By Dr. Chris Reynolds. M.B.,B.S.

Whenever I see ice being applied to a soft tissue injury, I shudder because it simply should not be used for treating injuries of any kind. Contrary to popular opinion, ice does not stop bleeding from the skin, the nose or from deeper tissues. If anything, ice SLOWS the healing process. 

Researchers have shown that ice most likely does more harm than good and can cause inflammation and swelling in the deeper tissues which significantly slows recovery.(1) There also seems to be little agreement among experts about how long ice should be applied.(2) 

More recently, a study by the Cleveland Clinic in the US showed that ice, by slowing the release of a key healing hormone, Insulin-like Growth Factor 1 (IGF1), can actually slow the healing process. In other words, ice inhibits or slows repair of injured muscle and other tissues.

As a result of this finding, world famous sports injury guru, Dr. Gabe Mirkin who formulated the RICE acronym over 20 years ago, (Rest, Ice, Compression, Elevation) has deleted the ICE component, and agrees with my recommendation for it being discontinued.  

Swelling, pain, bleeding etc. simply should not be treated with ice. Also, ethyl chloride spray and other coolants may numb the skin and perhaps relieve pain a little, but they do nothing to assist or hasten soft tissue injury recovery, or prevent it from getting worse.

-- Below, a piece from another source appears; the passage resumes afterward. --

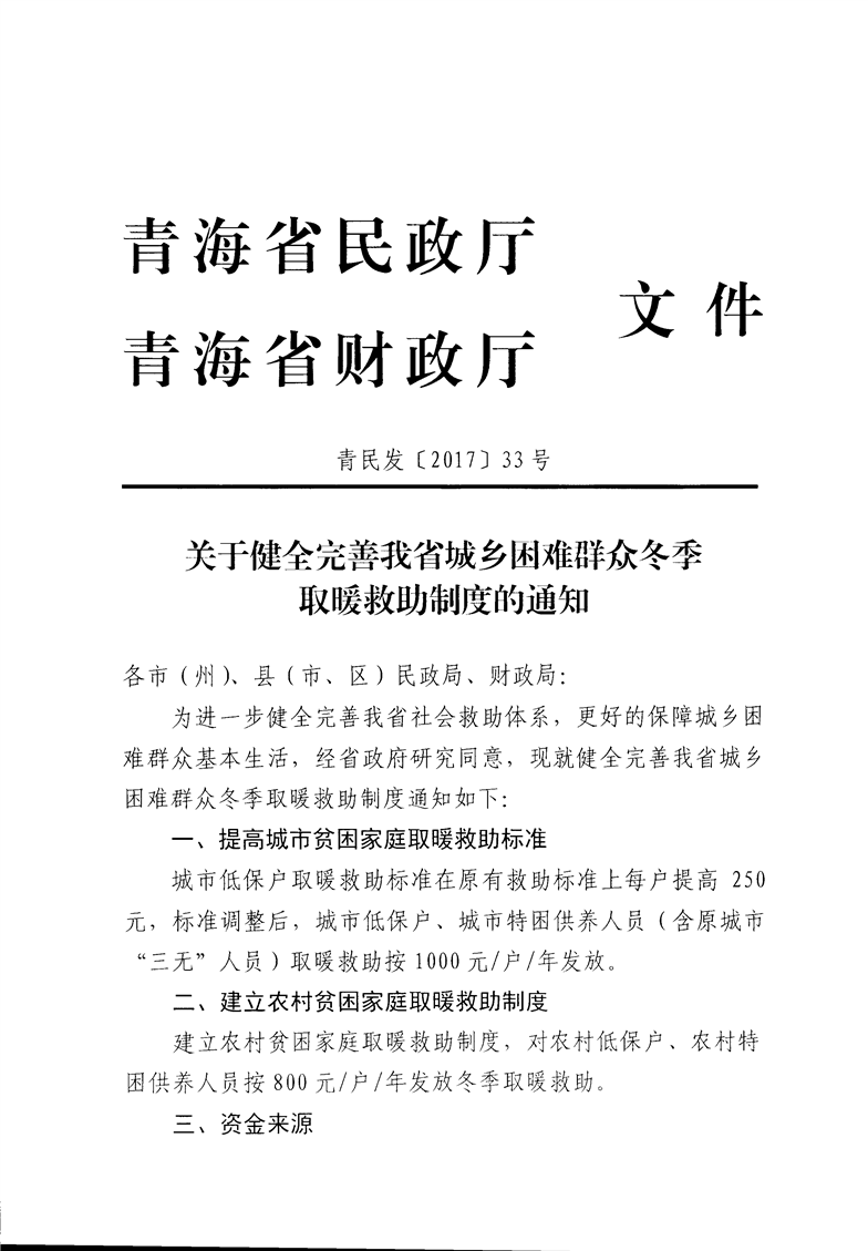 政策文号:青民发〔2017〕33号

But, if these primitive methods are all that's available but don't work, what else can one use? If they don't stop bleeding then why use them? Many cultures actually use warm water compresses simply because this aids blood circulation, which in turn hastens healing.

Any kind of injury can cause tissue damage. Blood vessels rupture and blood spreads into surrounding tissues causing inflammation and swelling. Pressure build-up eventually reduces blood flow which slows muscle, nerve and other tissue recovery.

Considering the enormous amount of playing and working time lost from sports injuries, not to mention the pain and disability they can cause, the sporting world is slowly waking up to the fact that wheatgrass is clearly a superior alternative treatment to ice. In fact it can often achieve rapid injury recovery. 

It is. Apply a little over the injured area immediately after injury, and I can almost guarantee a positive result i.e. reduction in pain and swelling, and much quicker tissue and pain recovery after initial treatment. Athletes also come up quicker after the game, and after training if they apply wheatgrass before physical activity. 

Let's look at an example. The young footballer pictured below received a hefty kick to the head which left him with a massive bruise within minutes (Left). On the right is the bruise less than 24 hours after applying wheatgrass extract immediately after the injury. 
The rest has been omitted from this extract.